The hike was breath-taking, both for the steepness of the ascent to the crater and for the scenery upon arrival. This was the first time either of us had been on an active volcano, and the experience was certainly unique: odd shaped and colored igneous rocks that we scrambled over (and scraped our knees against :), lush vegetation covering every inch of the fertile ground, stunning views in all directions as we hiked around the sharp rim of the crater, and eerie hot steam rising from the rocky sides of the caldera- a faint reminder of the forces of nature below.

Ubud
Scene change- we arrive in Bali's culture capital Ubud, with street after street lined with craft shops, galleries, and dark trendy cafes inhabited by expat hipsters who came to visit and never left. Our accomodations, Tegali Sari, is one of Trip Advisor's top rates hotels in all of Bali, and now we know why. For 50 dollars a night we have the bottom floor of a villa facing a peaceful rice paddy, staying in a stylish yet functional room that has all the facilities we missed in the mountains (tissues! A/C! Mini-bar! Shampoo! Showerhead! Working water heater!), not to mention a bed to die for (or rather in). I think we'll enjoy our time in Ubud, rain or shine.

3rd day in Ubud, 3rd day of heavy rain. How have we coped with the rain? Yesterday we stayed close to home and did a lap of Ubud's main roads (Monkey Forest Rd to Main St. to Hanoman), buying sarongs and grabbing lunch along the way. In the afternoon we had an unfortunate massage miscommunication: we were scrounging Monkey Forest Rd. for a $5 massage and we thought we had found it until they stopped halfway through and said "finished!". Apparently they thought we wanted a 1/2 hour foot massage- not sure how that happened, but we left half the money and were able to find the remaining 1/2 hour elsewhere for 6$, so all ended well.

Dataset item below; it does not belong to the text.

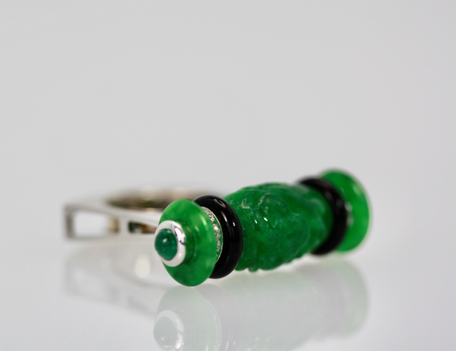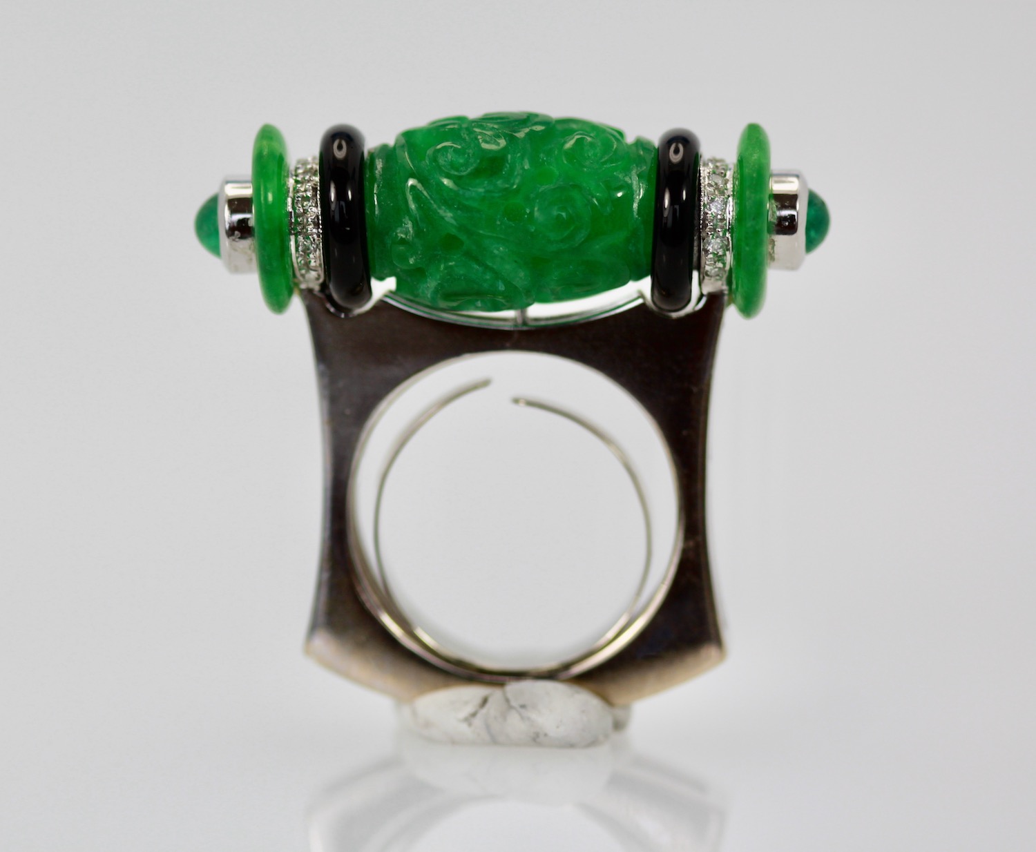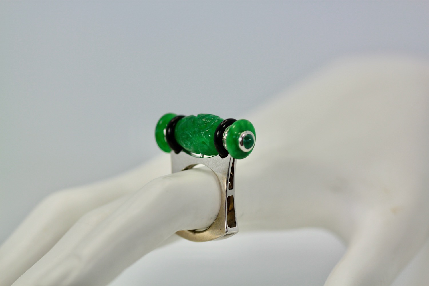 Carved Jade Onyx Cabochon Emerald Ring
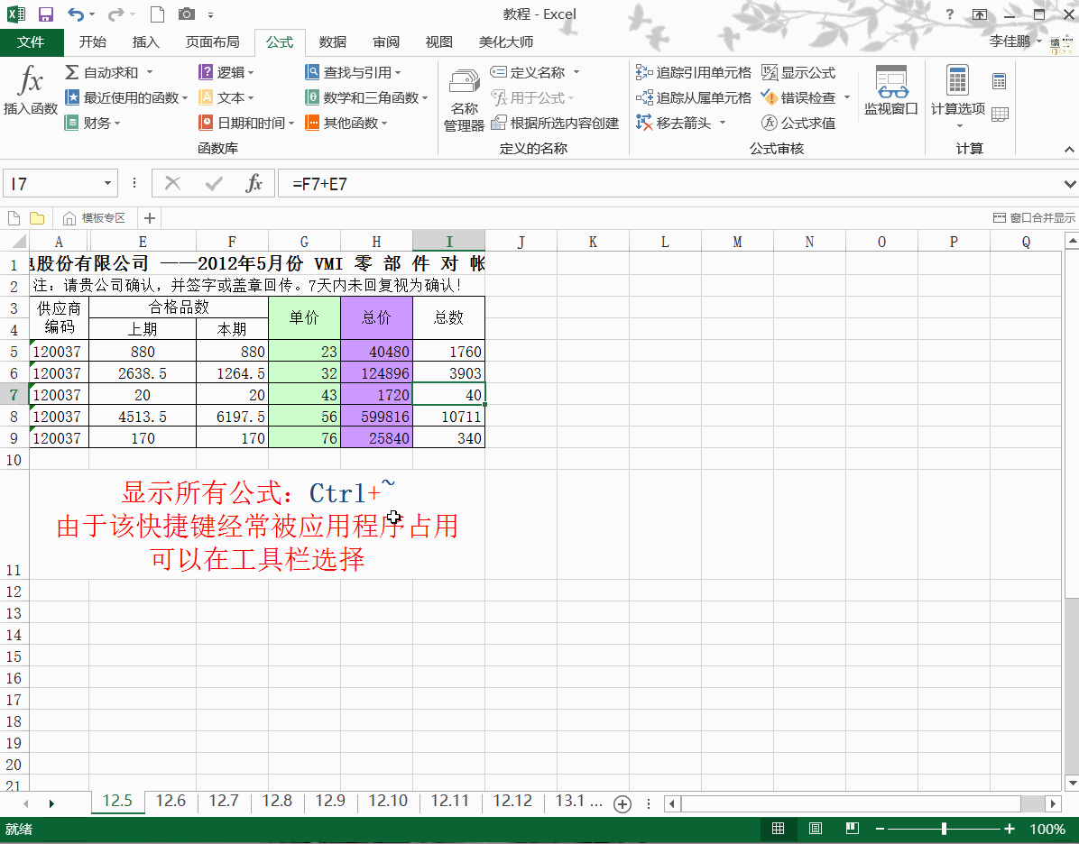 公式——显示公式进行查看,再点击一次显示公式即可关闭

Then we had an average dinner at Bebeck Bengil and attended an excruciating Balinese tradition: Wayan Kulit, the shadow puppet show. The entire show consisted of dialogue (in Indonesian) with repetitive, nausea-inducing music and very little in the way of "action". Even the fight scenes consisted mainly of two puppets smacking together in inanimate battle, or a barrage of flying phallus attacks (don't ask, but these did provide some unintended humor in the show). At least we weren't as bored as the kids in attendance, who were actually falling out of their chairs in fatigue. Oh well, some cultural traditions shouldn't be shared! Puppet shows aside, Bali is a magical place I'd recommend to anyone, and in sha'allah we will return one day!